Q. We heard lots of people knew about this deal so why was no one else on trial?

A. Two Anglo directors got immunity — Matt Moran, the chief financial officer at the time, &and Fiachre O’Neill, appointed head of compliance in 2007 despite, he said, telling his bosses he had no experience on that front. The author of the deal, David Drumm, is in America.

Q. Did the judge have a pop at anyone?

A. Not really. On the flip side though, Judge Martin Nolan went as far as to praise the band of elite customers who agreed to take loans to help unwind Mr Quinn’s stake — the Maple 10. He described the developers as remarkable men who wanted to help the bank and genuinely thought the deal was good for the country.

Q. Did I hear talk of a sleeve and the dribble?
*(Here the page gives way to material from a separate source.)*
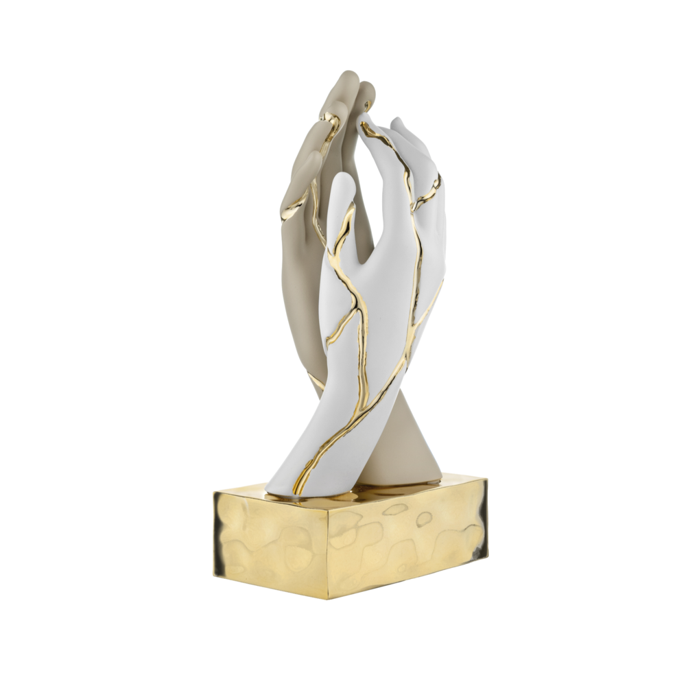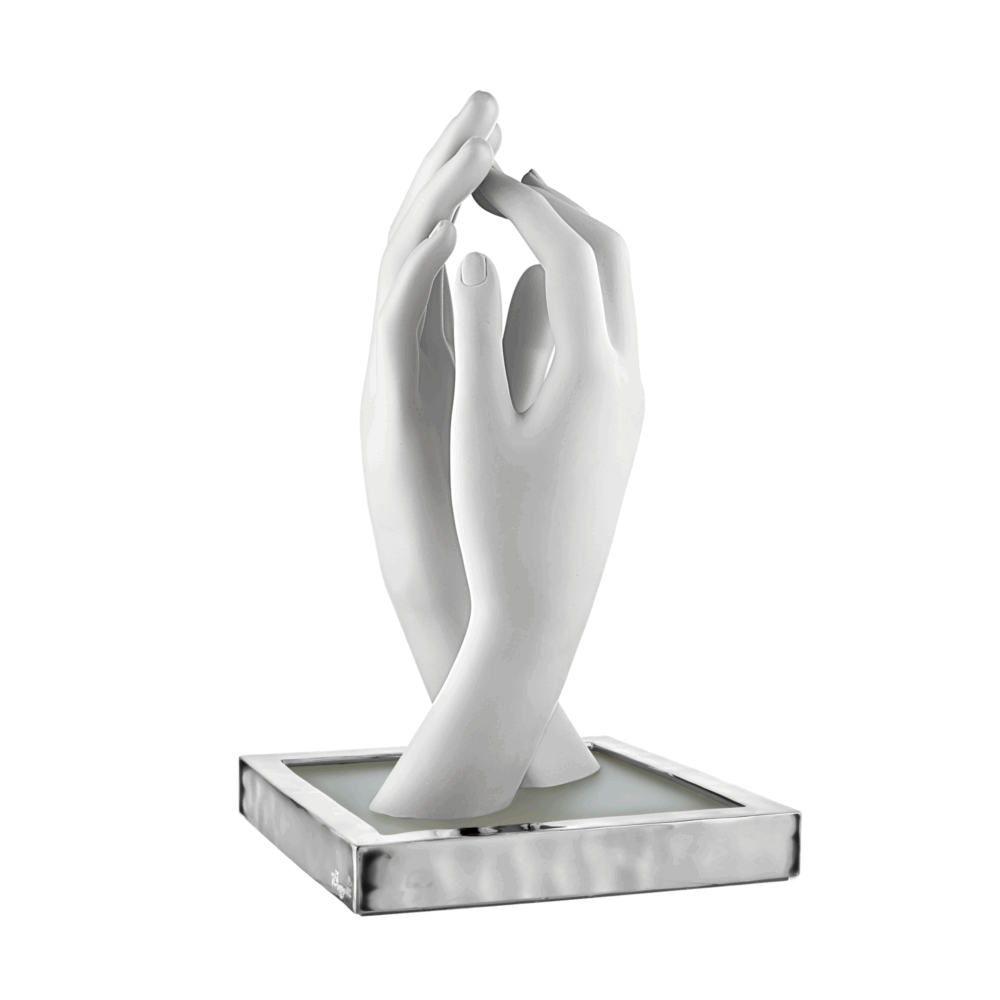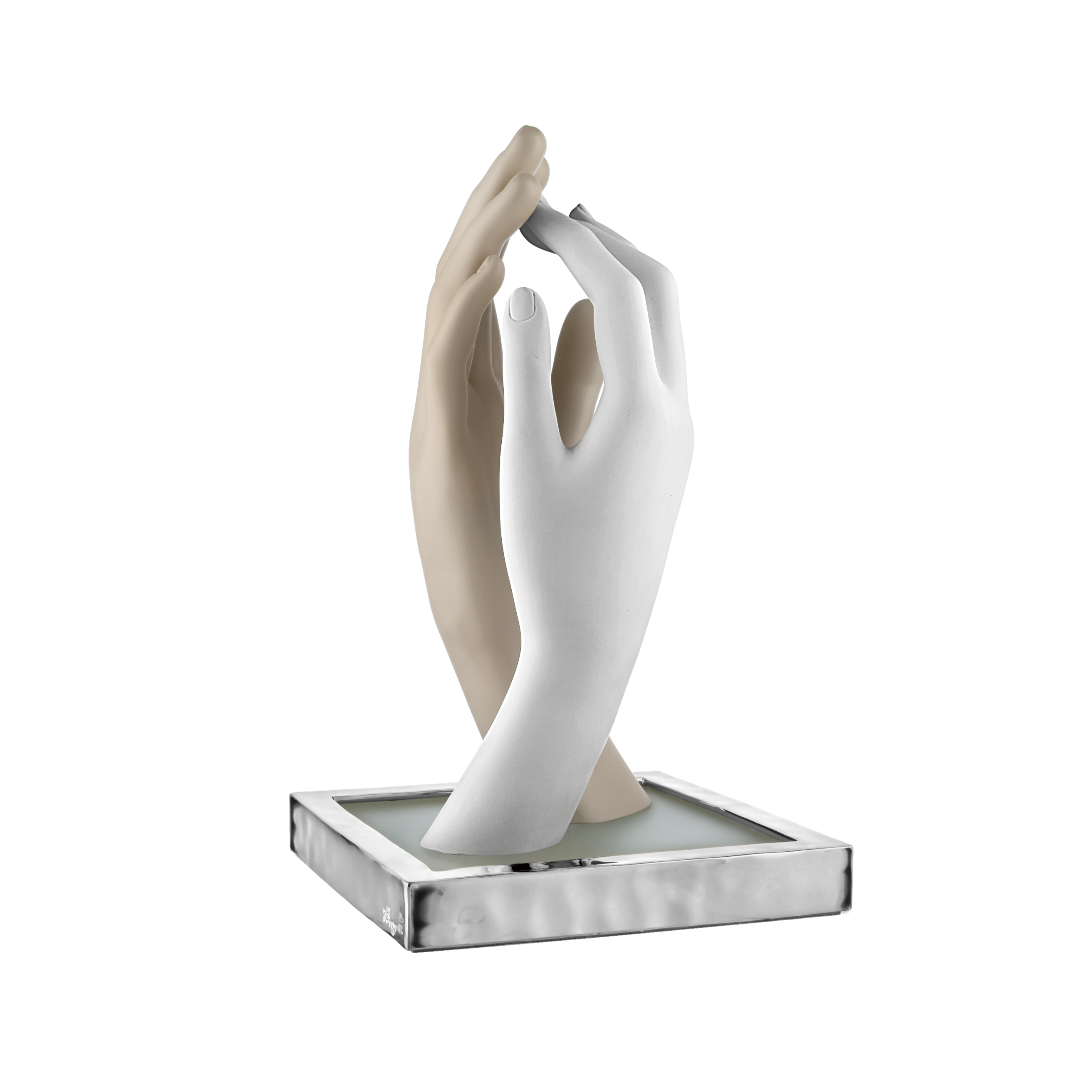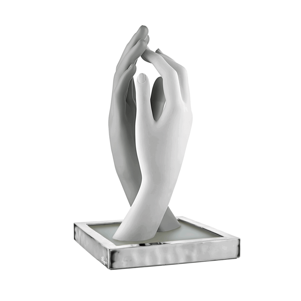 La scultura è realizzata con materiali di alta qualità, garantendo durata e resistenza nel tempo. Le mani intrecciate sono curate nei minimi particolari, dando vita a una lampada unica nel suo genere. La base con il led integrato è robusta e stabile, assicurando un uso sicuro e affidabile.

A. Yes, you did. Project Sleeve and the Dribble Mechanism to be precise. Two of the plays tried by Anglo in 2008 to unwind the Quinn CfDs by offering stakes to blue chip banks in Holland, sovereign wealth funds in the Middle East, and US venture capitalists, as well as considering drip feeding the shares onto the market.

Q. Right, and all through the trial there was an elephant in the room?

A. That would be Mr Drumm. He was the author of the deal and instructed his lieutenants to carry it out. He is awaiting a bankruptcy trial in the US and it’s not likely he will ever be back here to face the music.